Frenchie—Joel McCrea, Shelley Winters, John Russell, Elsa Lanchester, Marie Windsor, Paul Kelly, John Emery, George Cleveland (1950; Dir: Louis King)
In color, so it had a pretty good budget for a western in 1950—a time when many, if not most, westerns were still in black and white. That would not be true by the end of the 1950s. It’s an obvious but less effective remake of Destry Rides Again. The title refers to a saloon owner, just as it was the name of Marlene Dietrich’s saloon girl character in Destry.

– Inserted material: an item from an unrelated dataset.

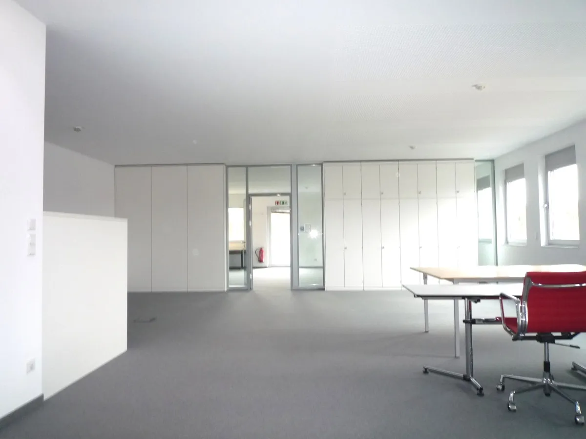 Die Bürofläche ist mit praktischen Einbauschränken und Regalen ausgestattet, die ausreichend Stauraum bieten und für Ordnung sorgen. Mit einem zuverlässigen Glasfaseranschluss ist das Büro bestens für digitale Anforderungen gewappnet. Bodentanks gewährleisten eine flexible Anordnung Ihrer Arbeitsplätze.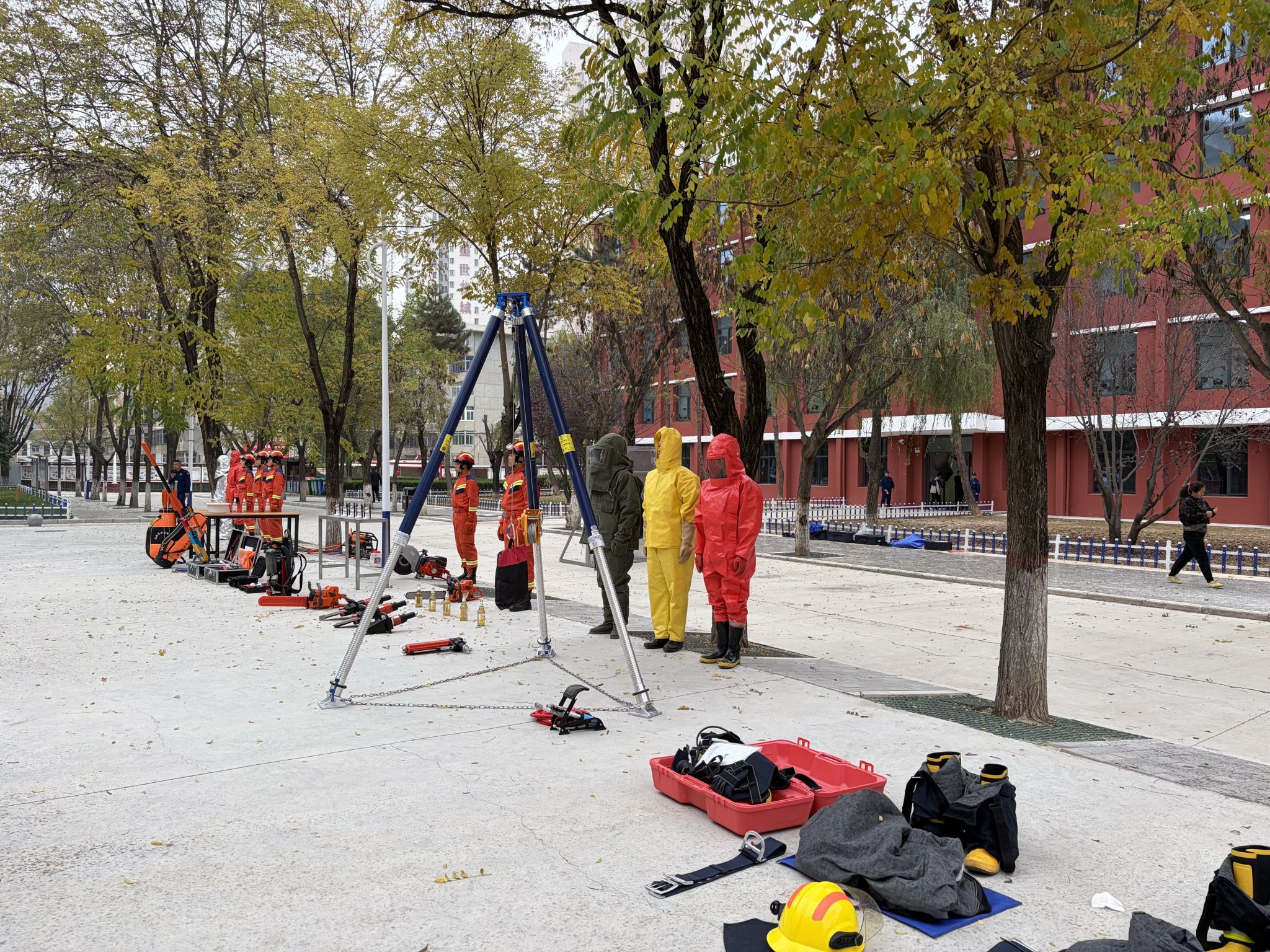 “报告指挥组!宿舍 3 楼东侧‘火情’突破初期控制,浓烟封锁通道,请求专业救援力量支援!” 校园安保组的紧急汇报声刚落,消防救援学院的实训队员便身着橙色消防服、肩扛水带冲进现场。“一组架设移动水炮,二组携带破拆工具开辟救援通道,三组做好空气呼吸器更换准备!”带队的消防救援学院教官声如洪钟,指令清晰有力。实训队员们动作娴熟如行云流水:两名队员半跪在地,快速对接水带接口,“咔嗒”一声扣合到位;破拆组手持液压扩张器,对准变形的模拟房门缝隙发力,“哐当”一声便打开救援通道;灭火组架起移动水炮,高压水流如银龙般喷涌而出,精准压制 “火点”。短短5分钟,“火情”被彻底扑灭,实训队员们摘下头盔时,额角的汗珠顺着脸颊滑落,在阳光下折射出晶莹的光,现场师生自发响起阵阵掌声。

Joel McCrea is Tom Banning, the son of the former sheriff of Bottleneck, returning to restore some law. His character has echoes of two James Stewart characters—Destry’s aw-shucks, don’t-need-a-gun mild demeanor, and Ransom Stoddard’s bringing-eastern-law-to-the-uncivilized-west earnestness. Frenchie Fontaine (young Shelley Winters) is also returning from running a New Orleans gambling hall, to find the murderer of her father from 15 years ago. She sets up the Scarlet Angel, with the help of Lance Cole (John Russell) and the Countess (Elsa Lanchester). The new establishment ends up taking business away from the seedier but long-established Chuck-a-Luck, owned by quasi-outlaw Pete Lambert (Paul Kelly).
Meanwhile, Banning’s former girlfriend Diane (Marie Windsor) had decided to marry the local banker (John Emery) three years earlier but now regrets passing up true love. By the end, the murderer of Frenchie’s father is punished (dead), the banker is dead and Banning and Frenchie get together, although there is little apparent chemistry between McCrea and Winters.
The direction is pedestrian and the writing isn’t great. The plot is too convoluted. McCrea’s dialogue is too down-home, aw-shucks in a sort of replay of James Stewart’s mannerisms, and Winters seems too young, a bit too slutty and not smart enough for the character she’s playing, who’s supposed to be the principal romantic interest. It’s much the same as she played a bit later in Winchester ’73, but it doesn’t work as well when she’s got a larger part and more depends on her. (Compare her with the young Angie Dickinson in Rio Bravo, who plays the role much more successfully.) As a Destry remake, this is not much remembered. Audie Murphy would show up in another in 1954, but neither of these is anywhere as good as the 1939 movie.